Synthetic cannabinoid and marijuana exposures reported to poison centers

Introduction

Marijuana has long been used for its neuropsychiatric effects including enhanced relaxation and perceptual alterations such as heightened sensory awareness and a slowing of time. ¹ The primary active ingredient of marijuana is δ-9-tetrahydrocannabinol (THC), which binds to the endogenous cannabinoid receptors, CB₁ and CB₂. ² Synthetic cannabinoids also affect the cannabinoid receptors. These agents were created to be potential pharmaceutical agents, attempting to take advantage of the potentially useful clinical attributes of marijuana and THC. ^2,3 Hundreds of these agents have been created, including JWH-018, JWH-073, CP-47,497, and HU-210. These chemicals have also been called marijuana homologs; however, most literature refers to these agents as synthetic cannabinoids.

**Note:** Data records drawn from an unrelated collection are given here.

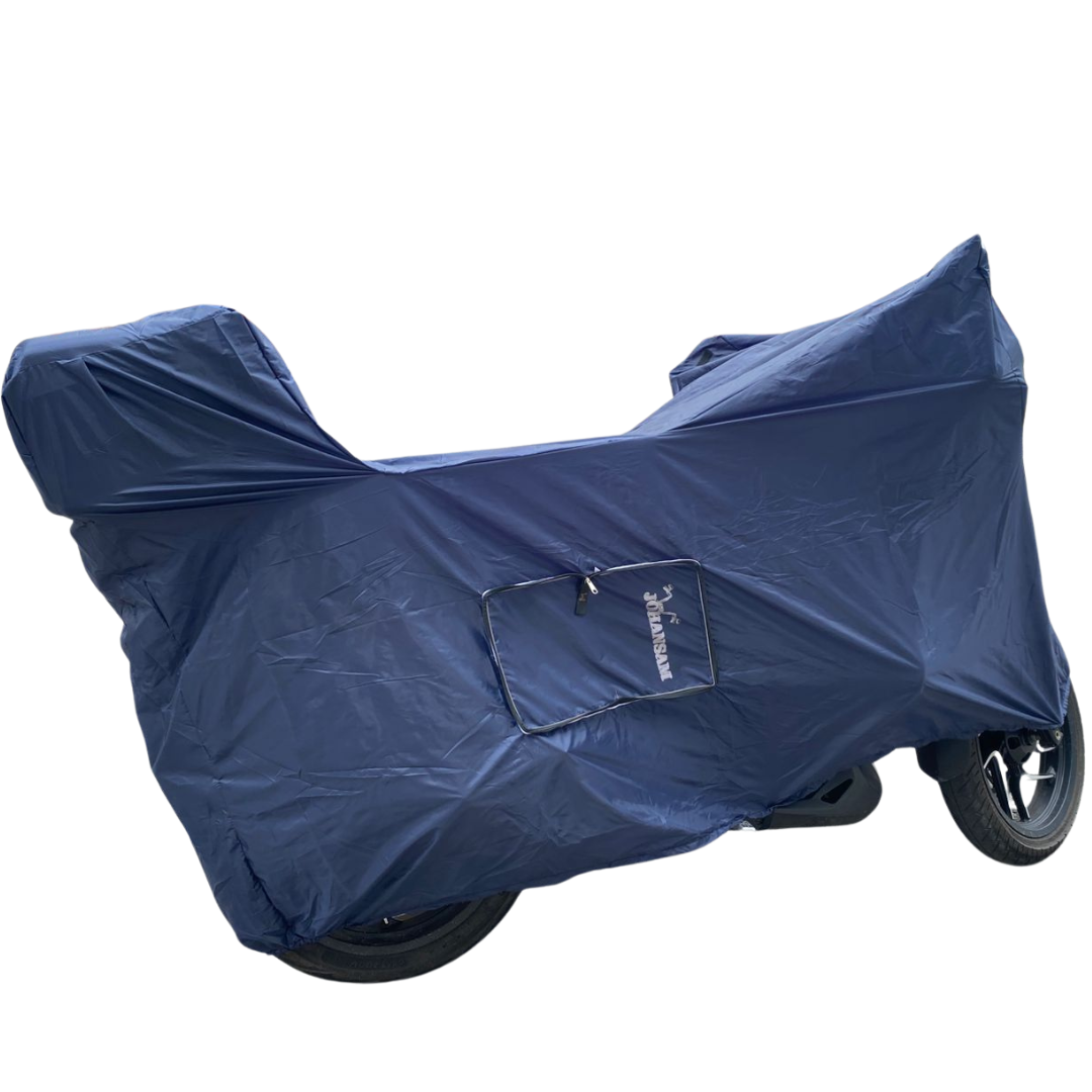 Si tu moto duerme en la calle o en un garaje sin techo, esta pijama para moto en tela tafeta es la solución ideal para cuidarla todos los días. Está fabricada con el mismo material de las sombrillas, por eso es ligera, resistente y semi impermeable.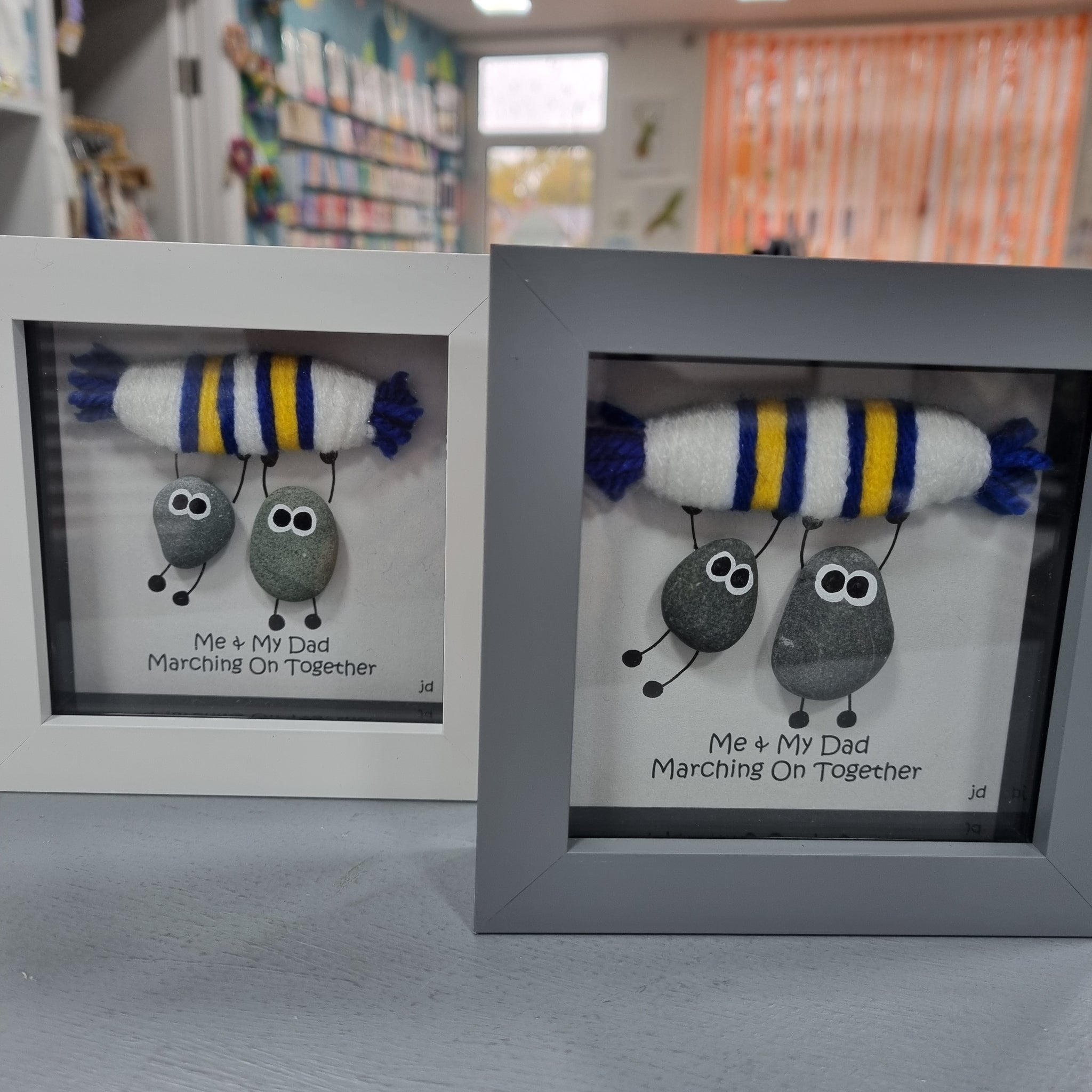 The perfect gift for a Leeds Utd supporting dad! A quality glass fronted box frame in white featuring a pebble dad holding a Leeds United scarf and his child swinging from it in excitement!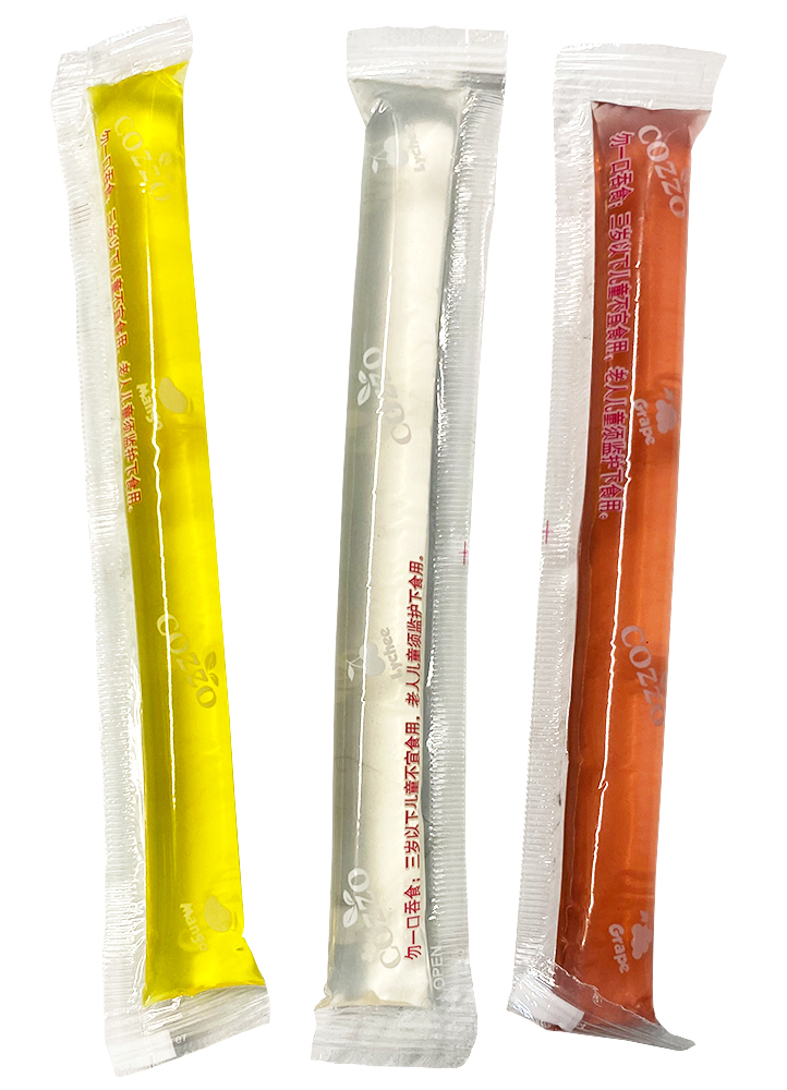 Склад: вода, цукор, фруктовий сік (манго, яблуко, червоний виноград, лічі), гелеутворювач (Е407), регулятор кислотності (Е330), штучний аромат, харчовий барвник (Е102, Е129, Е133).

Synthetic cannabinoids have recently gained popularity as a recreational drug because they are believed to result in a marijuana-like high. ^4,5 These compounds are sprayed onto herbal substances which then are packaged and sold under many names including K2, K2 Summit, Spice, Spice Gold, Spice Silver, Spice Diamond, Genie, Zohai, Space, Skunk, Yucatan Fire, Halo, Black Mamba, Damiana, and Drolle. These products are marketed as ‘herbal incense’ and ‘not for human consumption.’ They are available through the Internet, in gas stations, and in specialized stores such as head shops. ^2,6 Their popularity has likely been enhanced by them not being detected in typical urine drug screens for THC. ^4,5

Although banned in many European countries, synthetic cannabinoids are legal in much of the United States. ^2,3,7 However, this trend is changing. In March 2010, Kansas became the first state to ban synthetic cannabinoids. ² At least 16 states and the US military have taken action to control these substances. ^2,3 On November 24, 2010, the US Drug Enforcement Administration (DEA) made possessing and selling products containing JWH-018; JWH-073; JWH-200; CP-47,497; and cannabicyclohexanol illegal for at least 1 year. ³

Review of the literature failed to identify any data comparing the demographics of users, the circumstances of exposure, or the clinical effects upon patients exposed to synthetic cannabinoids versus marijuana. Poison centers receive calls requesting assistance in the management of potentially adverse exposures to a variety of substances, including marijuana and synthetic cannabinoids. ^6,8–12 This investigation compared synthetic cannabinoids and marijuana exposures reported to a large statewide poison center system.

Methods

This was a retrospective review study of data from the Texas poison center network (TPCN), a system comprised of 6 poison centers that serve the 25 million population in Texas. All six centers collect demographic and clinical data using a common electronic database whose fields and permissible coding options are determined by the American Association of Poison Control Centers (AAPCC).

Cases included all synthetic cannabinoid and marijuana exposures reported to the TPCN during calendar year 2010. The single year was chosen because virtually no synthetic cannabinoid exposures were reported to the TPCN prior to 2010. Exposures involving additional substances were excluded because these other substances might have modified the clinical effects. Additionally, Texas Health and Safety Code 161.042 requires the mandatory reporting of overdoses of Penalty Group 1 substances to the Texas Department of State Health Services (DSHS). Penalty Group 1 is a criminal possession classification of substances, primarily opiates and their derivatives. The reporting is performed through the TPCN. Although marijuana is not a Penalty Group 1 drug, a study found that reporting of exposures involving marijuana in addition to Penalty Group 1 drugs to Texas poison centers may be affected by this statute. ¹² Reporting of exposures to marijuana alone would not be affected by this statute.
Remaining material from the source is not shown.